AUTH_URL = 'https://accounts.spotify.com/api/token'

auth_response = requests.post(AUTH_URL, {
    'grant_type': 'client_credentials',
    'client_id': CLIENT_ID,
    'client_secret': CLIENT_SECRET,})

# convert the response to JSON
auth_response_data = auth_response.json()

# save the access token
access_token = auth_response_data['access_token']

headers = {
    'Authorization': 'Bearer {token}'.format(token=access_token)
}

# base URL of all Spotify API endpoints
BASE_URL = 'https://api.spotify.com/v1/'
In [ ]:
Part 2-  Below code allowed me to extract features of the song that topped the global charts 
In [33]:
# Dakiti song was streamed the most globally in the first week of Jan 2021 
# Refer- https://spotifycharts.com/regional/global/weekly/2021-01-01--2021-01-08
track_id = '4MzXwWMhyBbmu6hOcLVD49?si=7d86fb3ca8fe410a' 

# actual GET request with proper header
r = requests.get(BASE_URL + 'audio-features/' + track_id, headers=headers)

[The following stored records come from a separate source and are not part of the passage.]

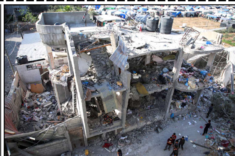
People stand next to a house damaged in an Israeli strike, amid the ongoing conflict between Israel and the Palestinian Islamist group Hamas, in Rafah, in the southern Gaza Strip.

"72 per cent of all residential buildings have been completely or partially destroyed". Reconstruction is made more difficult by the presence of large quantities of unexploded ordnance in the debris that Gaza's Civil Defence agency says triggers "more than 10 explosions every week". Mediators have proposed a deal that would halt fighting for 40 days and exchange Israeli hostages for potentially thousands of Palestinian prisoners, according to details released by Britain. An Israeli official not authorised to speak publicly said Israel was still waiting for Hamas's formal response to the latest proposal.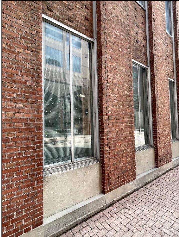
625 Church Street, north façade, detail of brickwork typical on side facades (Heritage Planning, 2021)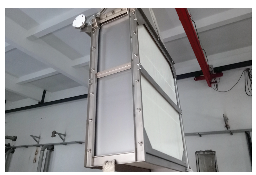
Figure 3: Installation of Toray MBR modules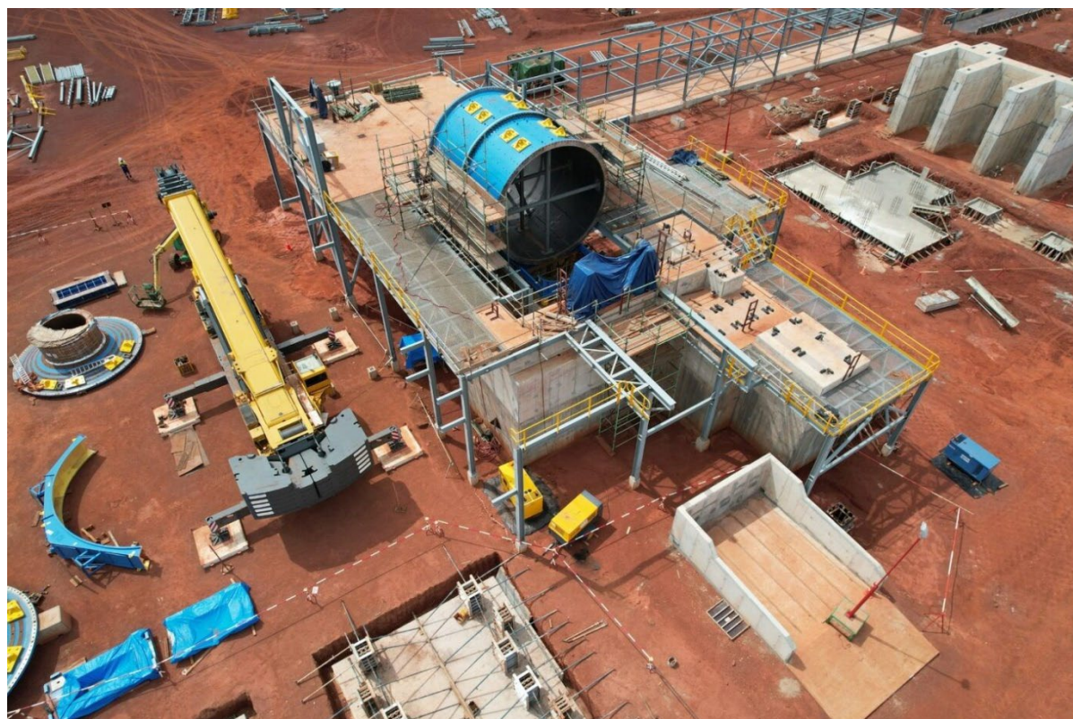
Image 3 - Ball mill site

Mobilisation of personnel and equipment for the ball mill installation was completed during the quarter. Preassembly checking and cleaning have now commenced prior to the installation of main bearing housing and installation of the mill shells.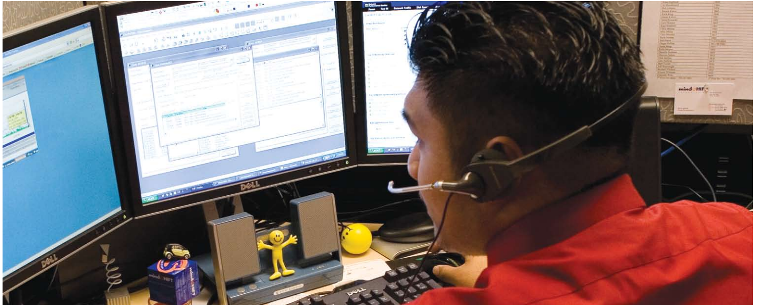
mindSHIFT Customer Care Center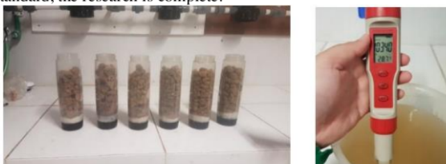
Figure 2. Testing and testing results

After the sample test results are known, the sample can be tested according to the amount of material to be used (Figure 2). The order of materials that have been tested can be seen in Table 1. The experiment is continued by preparing the material to be tested. This material preparation step is carried out by washing materials such as sand and gravel so that they are clean from dust or dirt. After the material is washed, it is followed by drying the material. After the material is inserted into the filter tube, the filter tube will be installed on a device that has been made with the specified material order. After the filter is installed, brackish water can flow through the filters from the material. After the sample is tested, the test results obtained will be tested (Figure 2). It will be checked whether the results comply with the predetermined standards or not. If the test results are not according to the standard, the experiment will be repeated with a different number of independent variables and if it is according to the standard, the research is complete.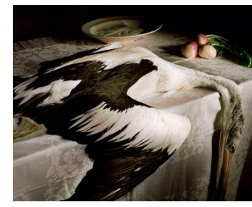
Pelican with Turnips, 2005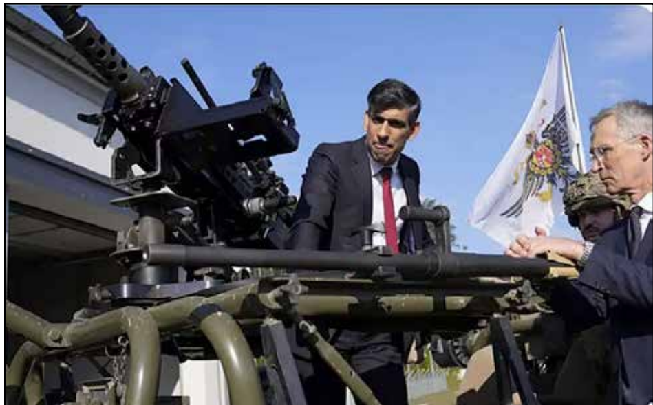
Sunak said the extra money would put the country’s defence industry “on a war footing”.

Now the Conservatives have set a specific date, but with no guarantee that they will still be in power.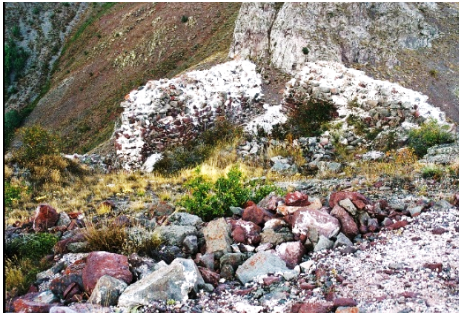
Fig. 19: Kov Castle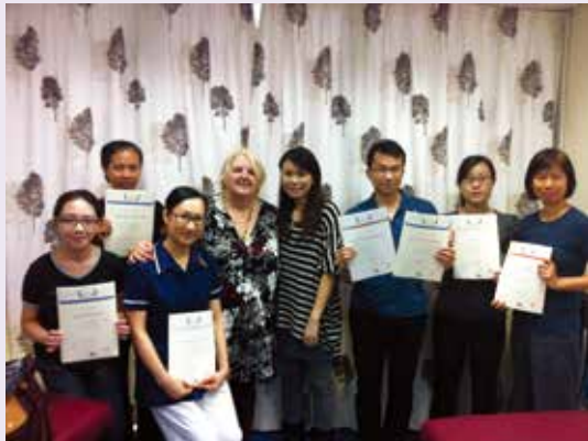
IFPA External Examiner and Hong Kong students 2012 2012 年度香港學生與 IFPA 主考官合照 (Apr Intake)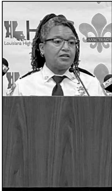
New Orleans Criminal Sheriff Susan Hutson.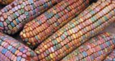
Earth Tones Dent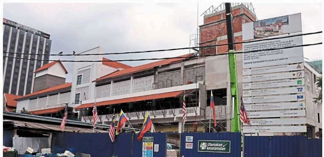
The new Pasar Raja Bot that is located next to the old one will be completed soon.

DBKL cited the example of how a trader selling fish would be charged RM480 annually under the 1984 by-laws whereas under the 2016 by-laws, the rate would be RM780, a RM300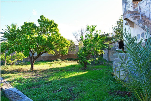
View to the garden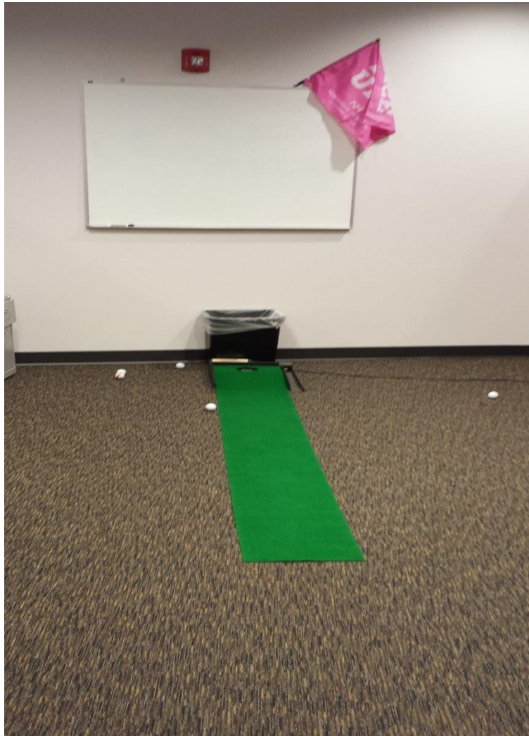
Figure 3: A putting green or chess table offers a brief reprise from sitting at one's desk.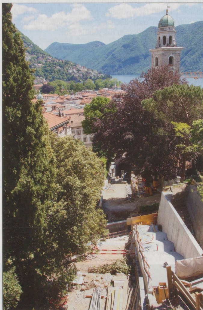
A view over Lugano with work in progress on the funicular.

the line. However the walk up and down through the old town, and past the cathedral, although strenuous, is a delight. A replacement shuttle bus service has been provided using a circuitous route.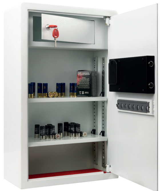
Ammunition Cabinet 200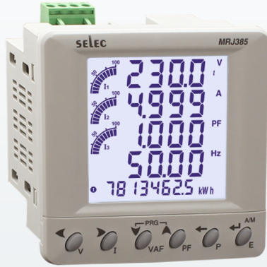
96 x 96mm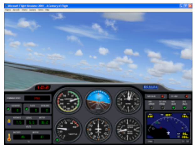
Figure 5. Graphical instrument panel for the UAV.

Microsoft Flight Simulator has traditionally used gauges programmed in C. However, in Flight Simulator 2002 a new kind of gauge was introduced, the XML gauge. Currently, in Flight Simulator 2004, both C gauges and XML gauges are supported, although the majority of the standard panels still use C gauges. The shift is however towards XML gauges and thus the panel for the UAV was built using XML gauges to increase the chances that it will be compatible with future versions of Microsoft Flight Simulator.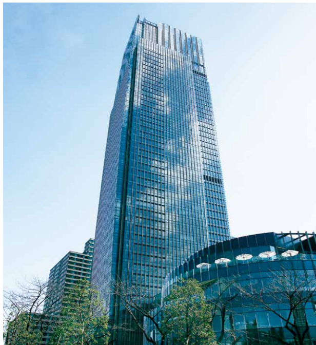
Tokyo Midtown Using the system of district planning to determine urban redevelopment promotion districts, a redevelopment project was implemented on the former site of the Defense Agency and the expansive Hinokicho Park that neighbors it. It opened in 2007 as a mixed-use facility that includes offices, residences, commercial facilities and cultural interaction facilities.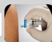
VanishPoint Retractable® Needle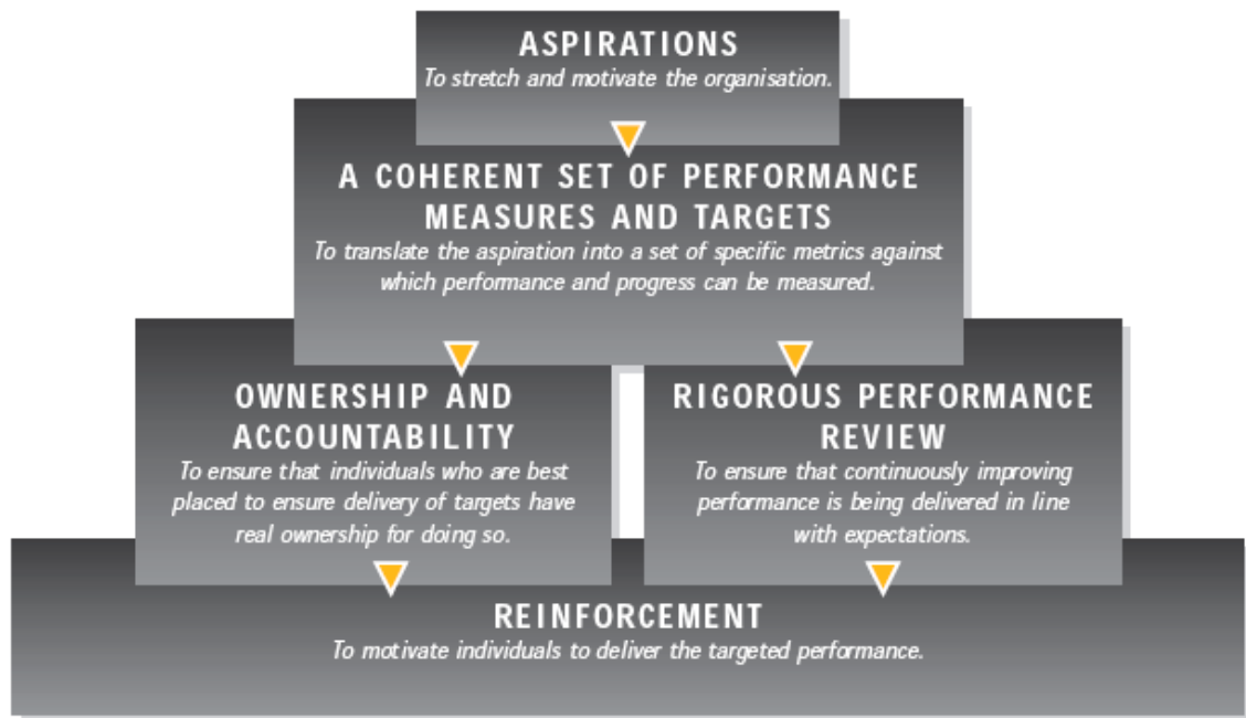
Figure 2: A Performance Management Model (HMT, 2000)

One useful and succinct model for putting in place suitable measures to enable and underpin organisational success is that developed by the UK Public Services Productivity Panel (HMT, 2000). This recognises five key elements which need to be in place: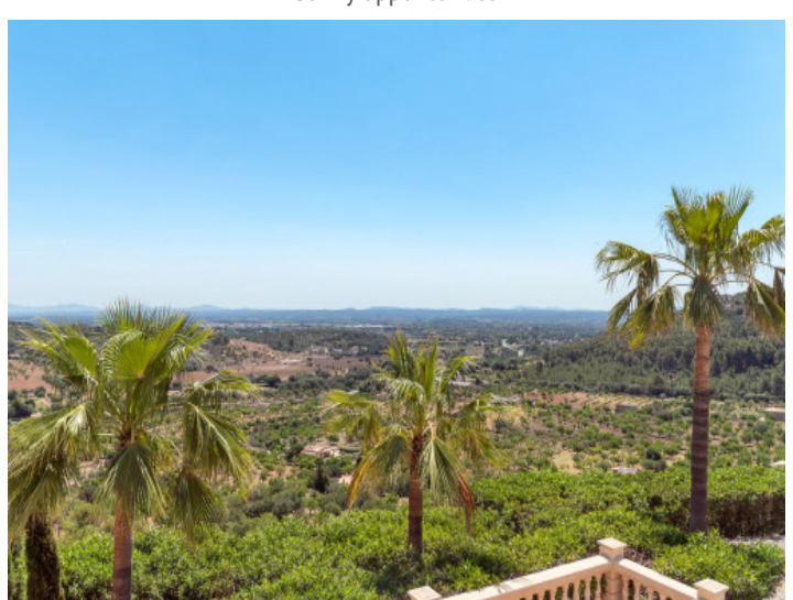
Wonderful panoramic views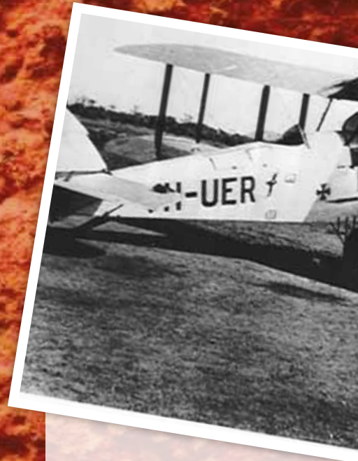
> The first aircraft

The Reverend John Flynn recognised a need for an aerial medical service after witnessing the daily struggles of Australian pioneers living in remote areas. After 10 years of hard work and campaigning, his vision became a reality with the opening of the Australian Inland Mission Aerial Medical Service (later renamed the Royal Flying Doctor Service) in Cloncurry, Queensland on 15 May 1928.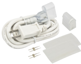
P2-NF-CONKIT-8A 120V power connection kit Includes: (1) 120V AC 5ft power cord with 8A inverter, (1) power pin, (1) end cap and (2) 4" sections of shrink tube

# description of the result- https://developer.spotify.com/documentation/web-api/reference/#endpoint-get-audio-features

Part 3- Below code allowed me to extract the features of the songs from the albums of an artist. I chose one of the artists of Dakiti.

In [40]:
for album in d['items']:
    print(album['name'], ' --- ', album['release_date'])
EL ÚLTIMO TOUR DEL MUNDO  ---  2020-11-27
LAS QUE NO IBAN A SALIR  ---  2020-05-10
YHLQMDLG  ---  2020-02-28
OASIS  ---  2019-06-28
X 100PRE  ---  2018-12-23
In [50]:
data = []   # will hold all track info
albums = [] # to keep track of duplicates

# loop over albums and get all tracks
for album in d['items']:
    album_name = album['name']
    
# here's a hacky way to skip over albums we've already grabbed
    trim_name = album_name.split('(')[0].strip()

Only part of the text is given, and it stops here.